+++ Recorded data

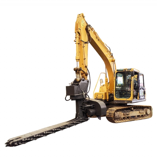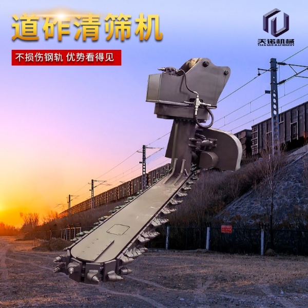 目前,鐵路交通發(fā)展迅速,對于年久的鐵路路基下面的石子需要定期更換,對于鐵路上的清渣機需要大型設備操作十分的不方面,采用人工又十分耗時,工作效率比較低下;為解決上述問題,克服現(xiàn)有技術的不足,天諾工程機械研發(fā)了一種能夠在狹小空間內(nèi)作業(yè)、操作簡單、效果高的鐵路清渣機;鐵路清渣機包含扒渣鏈部、清渣板部、安裝部和連接部,安裝部設置在扒渣鏈部的上部,其用于與挖掘機連接;清渣板部設置在扒渣鏈部的尾端,清渣板部和扒渣鏈部通過連接部相連;扒渣鏈部包括鏈條,鏈條由若干首尾相連的鏈節(jié)組成,鏈節(jié)包括支座和設置在支座上的截齒;若干截齒呈波浪式陣列布置;安裝部包括上座板和下座板,上座板和下座板之間設置有回轉支承,上座板上部設置有兩個相互平行的大耳板。鐵路清渣機是為鐵路道咋清理而設計的一款鐵路專用屬具,鏈條式道咋清理機需安裝在150挖掘機前端,并從軌道外側位置清理,通過大扭矩馬達帶動免維護鏈條上作業(yè)鏈條上裝置超耐磨的合金屬具對道床道砟進行連續(xù)清理的技術,排列使得道砟的清理及更換更加簡單高 效,提高了施工速度同時節(jié)省了勞動力。
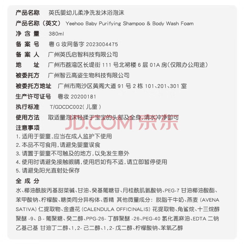 商品相册:英氏儿童沐浴露 婴儿沐浴露氨基酸洗发沐浴露二合一泡沫儿童温和380ml第
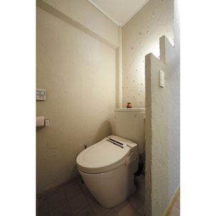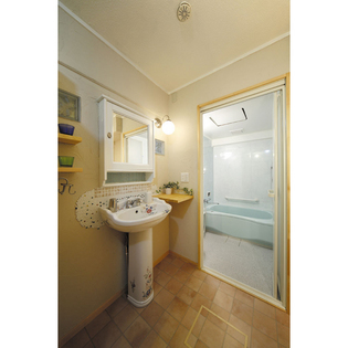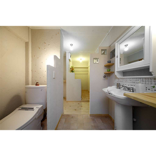 エレガントスタイルのサニタリーは、トイレとの間仕切りを改良し、圧迫感を取り払って広々空間へ変身。とっても素敵なので、入り口の扉も取り払い、あえて見せるサニタリーにしました。

++++++

• Exercise details:
Reproduce the lines from the one with "商品相册:英氏儿童沐浴露 婴" through the end of the data, keeping both end lines, adding nothing, and dropping any pictures.

• Solution:
 商品相册:英氏儿童沐浴露 婴儿沐浴露氨基酸洗发沐浴露二合一泡沫儿童温和380ml第
 エレガントスタイルのサニタリーは、トイレとの間仕切りを改良し、圧迫感を取り払って広々空間へ変身。とっても素敵なので、入り口の扉も取り払い、あえて見せるサニタリーにしました。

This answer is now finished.